Guardian Newspaper Criticizes Responsible Gambling Trust “Conflict of Interest”
Posted on: January 7, 2016, 12:14h.
Last updated on: January 7, 2016, 12:14h.
Neil Goulden, head of the Responsible Gambling Trust (RGT) in the UK, has been called out by Britain’s Guardian newspaper for an apparent conflict of interests.
As chair of the RGT, Goulden presides over the country’s leading charity devoted to minimizing problem gambling, and yet he is also a former chair of the Association of British Bookmakers ABB), an industry lobby group.
The positions were held concurrently between 2012 and mid-2014.
Goulden’s affiliations to both groups are no secret, of course; as a former board member of Ladbrokes and former chairman of the Gala Coral Group, he is very much a public face of the gambling industry.
But, as the Guardian opined this week, the fact that RGT is chaired by a doyen of the industry and funded by donations from gambling companies raises questions about its integrity and the balanced nature of its research.
As well as funding education, prevention, and treatment services for problem gamblers, RGT commissions research devoted to broadening the understanding of problem gambling issues.
But because of its affiliations, does it avoid asking the really tough questions to the industry, and is its research program completely independent of industry interests?
When contacted by the Guardian, Goulden insisted that his position as an industry insider, and the participation of the industry as whole, is, in fact, integral to researching and ultimately understanding problem gambling.

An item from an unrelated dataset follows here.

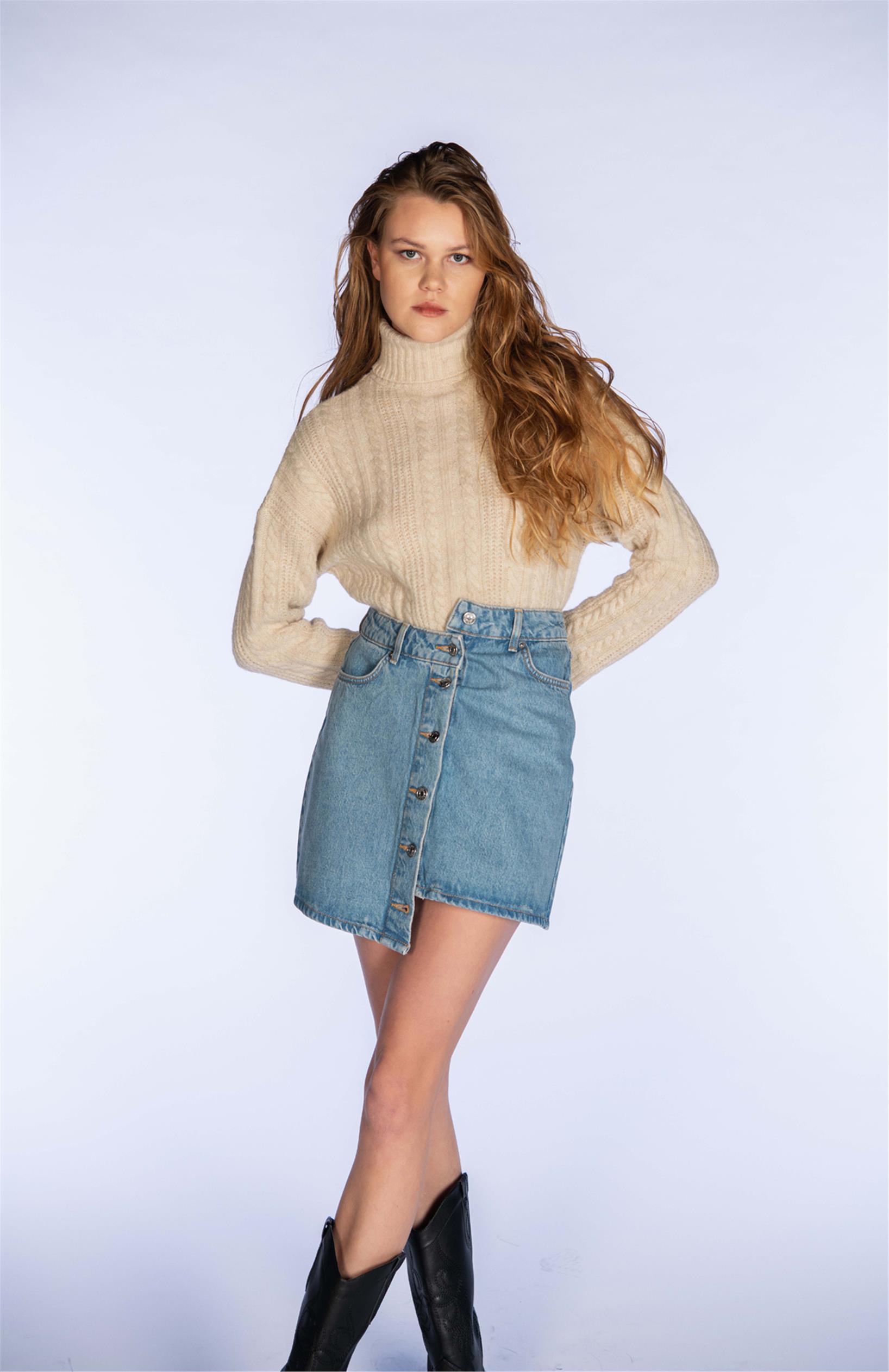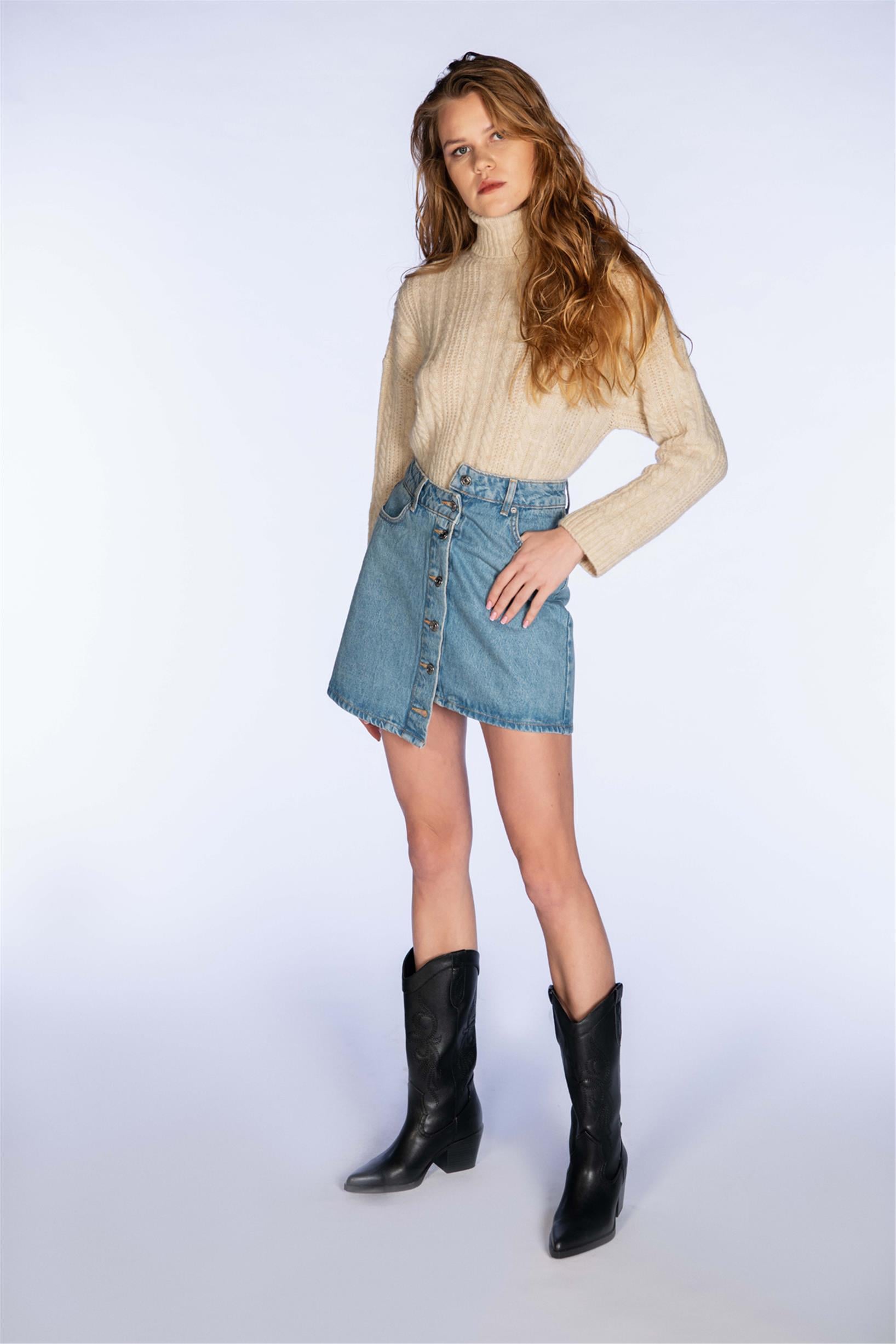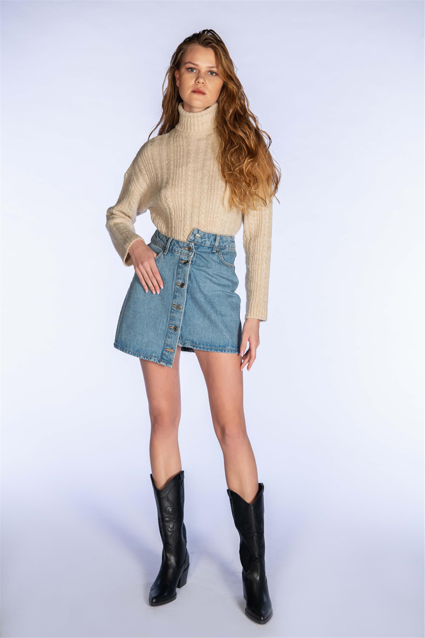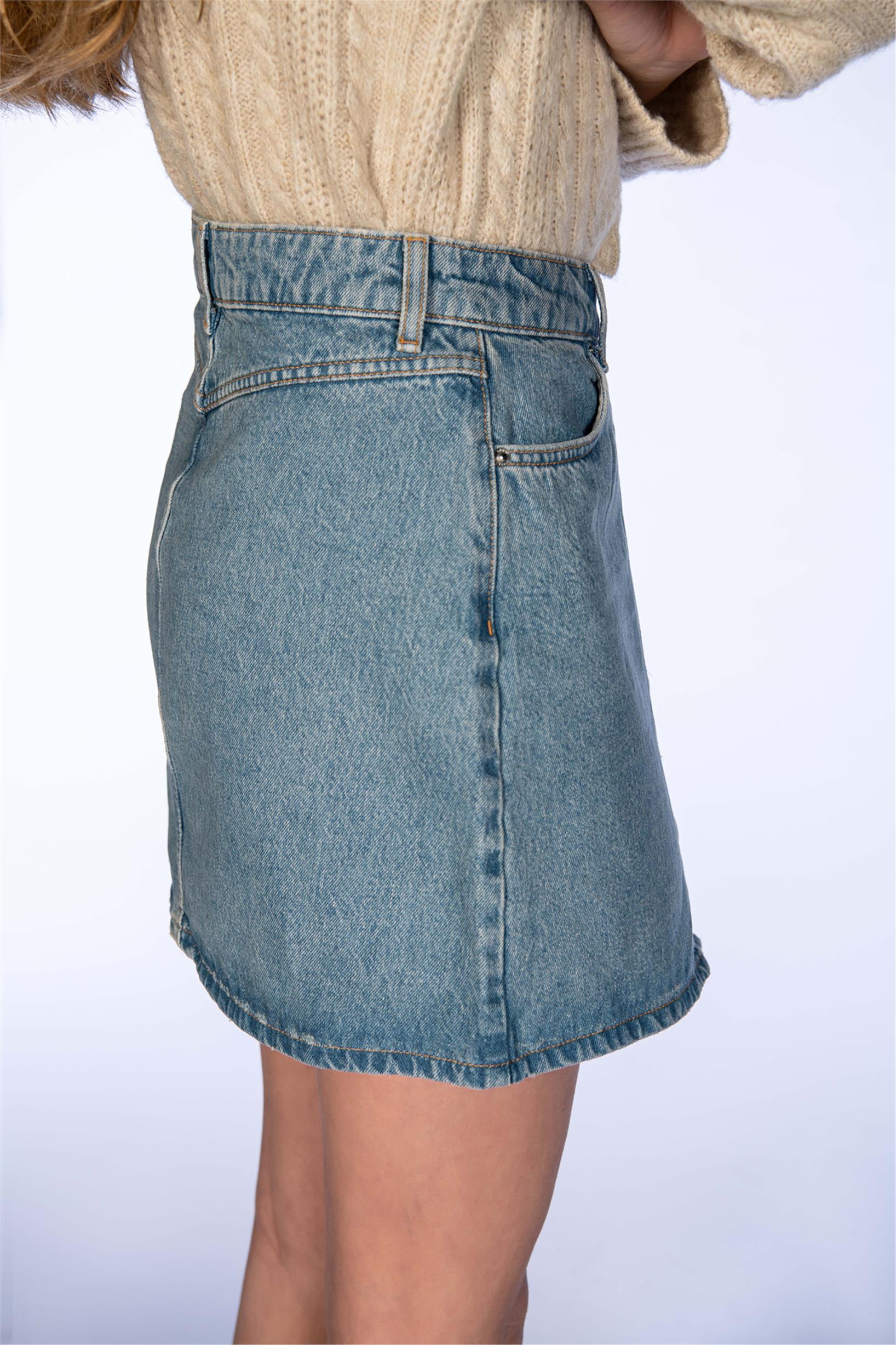Mavi Yüksek Bel Düğmeli Denim Mini Etek

“[The gaming industry] would not have released data or have taken the actions it continues to take in prevention of harm without my personal influence and urging,” he said. “I have continually urged the industry to do more to protect at-risk customers and to share best practice and to better communicate what they are doing and its effect.
“True harm minimization can only be fully effective if it engages with the industry and that the 100,000 people employed in the industry take their social responsibilities seriously,” he continued.
“The recent RGT research has given clear pointers to anyone committed to reducing harm and the subsequent actions taken by the government, the regulator and the industry have significantly reduced volumes from the group of at-risk customers.”
However, the RGT has been criticized by anti-gambling groups for its failure to condemn the UK’s notorious fixed-odds betting terminals (FOBTs), prevalent in high-street bookmaking shops across the country.
These machines have been dubbed “the crack cocaine of the high street” because they enable customers to bet up to £100 ($146) every 20 seconds on digital casino games like roulette.
“RGT refused to address the key question of whether FOBTs cause gambling related harm due to their addictive characteristics,” complained a spokesperson for the Campaign for Fairer Gambling, of an RGT study on the subject, published in 2013 when Goulden was chair of both the RGT and ABB.
“We are worried that the chair of the trust was busy devising lobbying strategies for the bookmakers to improve their image when this research was first announced. This needs to be looked at.”
Goulden responded that the research questions of the 2013 study were devised by the UK Gambling Commission and the Minister for the Department of Culture, Media and Sport, and added he had no influence on the commissioning, presentation, or interpretation of the findings.